L’affaire Cora, qui a tenu en haleine le web social français pendant 48 heures fin octobre 2011, a suscité une réaction quasi unilatérale sur le rôle bénéfique d’Internet. On lit dans Le Figaro que la « fronde des internautes » a « fait plier l’enseigne »  (Menacée de licenciement pour avoir pris un ticket de caisse) ; le Nouvel Observateur parle de « mobilisation formidable des internautes » (Quand Facebook fait plier la direction d’un hypermarché : le contre-pouvoir du Web) ; France Soir ( Cora : la caissière ‘sauvée’ grâce au soutien sur Internet) mobilise le même registre du mouvement collectif et parle de « soulèvement » : «  Anne-Marie [la caissière] peut remercier les internautes qui se sont soulevés pour la soutenir, via les réseaux sociaux. » Le Mediascope (Facebook-France Inter : Une caissière de Cora ne sera ps licenciée grâce aux réseaux sociaux) va jusqu’à se demander « Sans les réactions sur les réseaux sociaux, que serait devenue cette employée ? ».

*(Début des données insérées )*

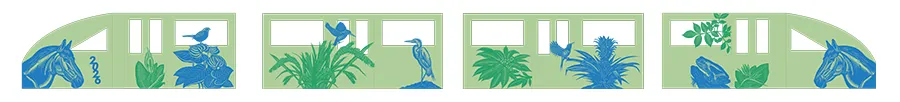 车身外部以坪山的绿色生态为基底,描绘了翠鸟、燕尾太阳鸟、白鹭等生灵,以及树蛙与亚热带植物,将燕子湖片区的生态肌理浓缩于移动空间,展现了人与自然的和谐。这与即将开放的深圳自然博物馆“自然·深圳”展厅形成了巧妙的呼应。车厢内部则以马年传统元素为核心,结合粤式节日氛围,通过可触摸的装饰与光影设计,让乘客在通勤途中感受节日的仪式感,实现了艺术从美术馆空间向公共生活的自然延伸。

Certains medias ne font pourtant pas référence à cette mobilisation et mettent en avant  d’autres facteurs qui auraient permis l’abandon par l’enseigne de la plainte pour vol – et donc de la procédure de licenciement. Libération par exemple (Caissière accusée de vol : Cora abandonne la procédure de licenciement),  ou encore le Monde ( Cora renonce à accuser la caissière accusée de vol, à partir de la même dépêche AFP) évoquent l’intervention d’une élue locale et d’un parti politique auprès de la direction, sans mentionner le rôle des internautes.


Nous avons mobilisé les outils de linkfluence pour tenter de mieux comprendre la place et la contribution du web à cette séquence médiatique extrêmement rapide.

Facebook – Twitter : même combat ?

Si l’on met en parallèle, heure par heure, les publications des deux réseaux sociaux, on observe que les sursauts interviennent simultanément et que le rythme y est sensiblement identique, comme un seul et unique indicateur de la colère des internautes face à l’injustice de Cora. Une seule lutte, unie et commune… Ci-dessous, la courbe bleue cumule les commentaires publiés sur la page Facebook de l’enseigne ainsi que les « Like » qui leur ont été attribués. Les premiers sommets (la matinée du 26 octobre) font suite à la reprise massive de l’article de l’Express sur twitter. Après l’accalmie de la nuit, l’activité reprend pour partager l’annonce de la victoire (comme ici, ou ) dans un mouvement identique sur les deux réseaux sociaux.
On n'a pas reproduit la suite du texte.